Il Carcano, per esempio, li userà per ammodernare il sistema di riscaldamento, che al momento funziona ancora a gasolio. Sostituire l’intero impianto costerà più di 800mila euro: più del doppio di quanto stanziato con il Pnrr. A causa del divario importante tra i fondi necessari e quelli disponibili, a cui si uniscono le spese già sostenute per cambiare l’illuminazione e il costo dell’affitto, il teatro rischia di non riuscire a migliorare gli impianti di riscaldamento, nemmeno con le risorse del Pnrr.
Migliori sono invece le stime della fondazione Stabile, per la quale il milione messo a disposizione dal Pnrr coprirà circa l’80 per cento dei lavori previsti per il teatro Carignano, il teatro Gobetti e le Fonderie Limone. “Nel 2023, gli spazi saranno dotati di pannelli fotovoltaici e faremo interventi di ottimizzazione per i sistemi di riscaldamento, installando pompe di calore che integrino le caldaie a gas”, ha spiegato Fonsatti. La fondazione, quindi, guarda avanti, e spera che già nel corso del prossimo autunno sarà possibile vedere i primi benefici per quanto riguarda il contenimento dei consumi e l’abbattimento dei costi. “C’è preoccupazione, ma abbiamo messo in moto dei meccanismi che possono ridurre l’impatto degli aumenti”, ha detto il direttore, ricordando anche che la fondazione sta promuovendo una campagna che punta sull’attenzione ai piccoli gesti quotidiani, come spegnere la luce negli uffici vuoti.
I piccoli teatri di provincia sono stati meno fortunati.

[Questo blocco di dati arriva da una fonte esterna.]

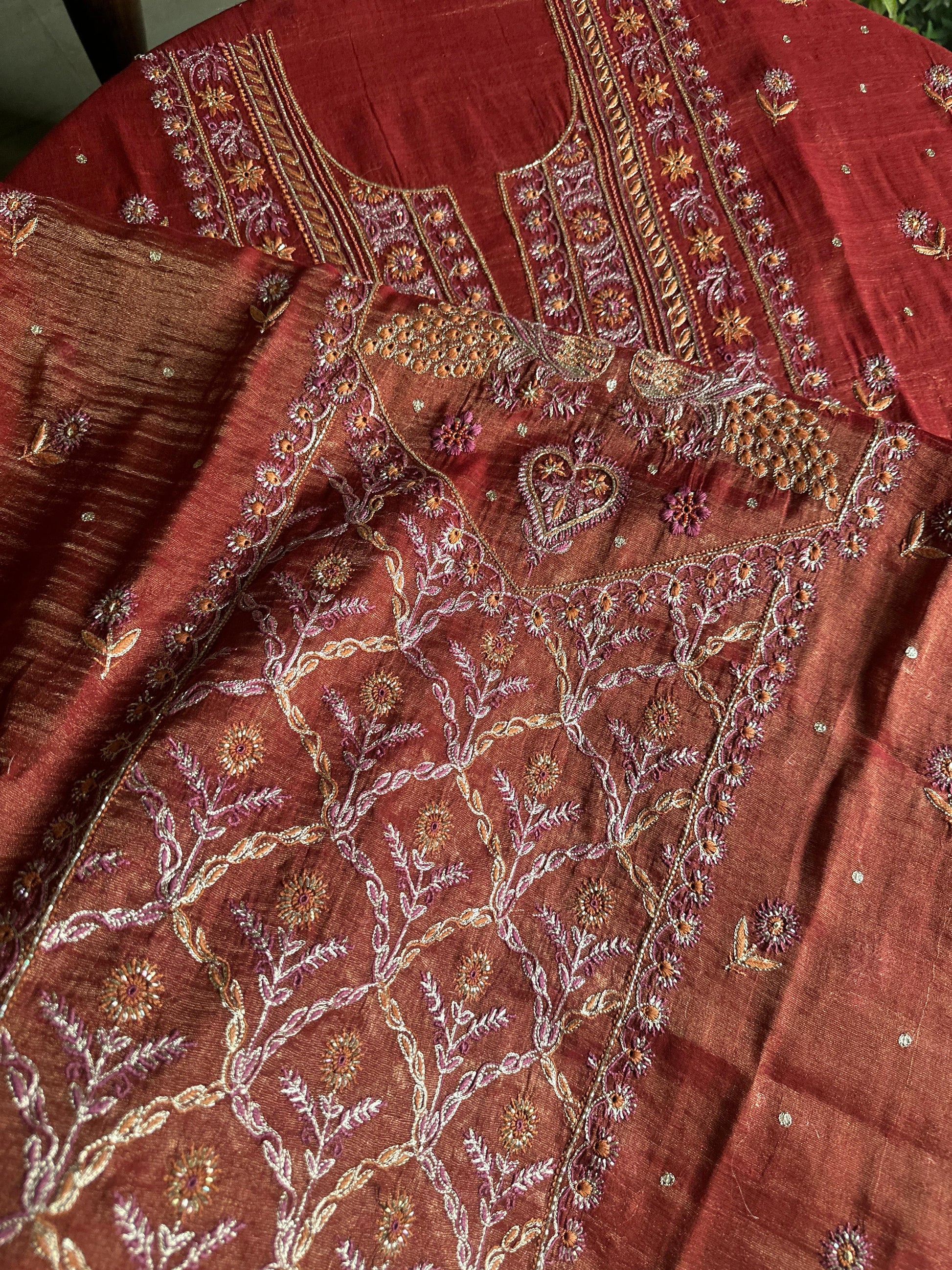 Red Tissue Silk Chikankari Unstitched Fabrics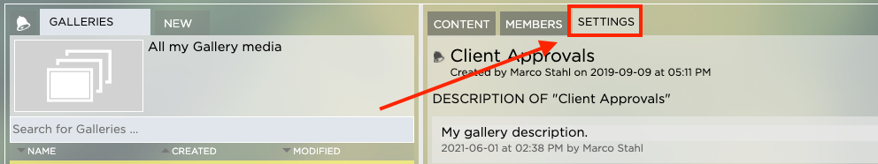 2. ギャラリーの上部にある「SETTINGS (設定)」タブをクリックします。

A Modena, il Michelangelo ha ricevuto sussidi importanti durante la pandemia ma, a meno di un cambiamento nelle norme, non riceverà più alcun tipo di sostegno pubblico. “Non abbiamo assolutamente nulla, nessuna previsione di ricevere aiuti. Sarà un esperimento, e vedremo la risposta del pubblico”, ha detto Gavioli. “Dovremo navigare a vista”.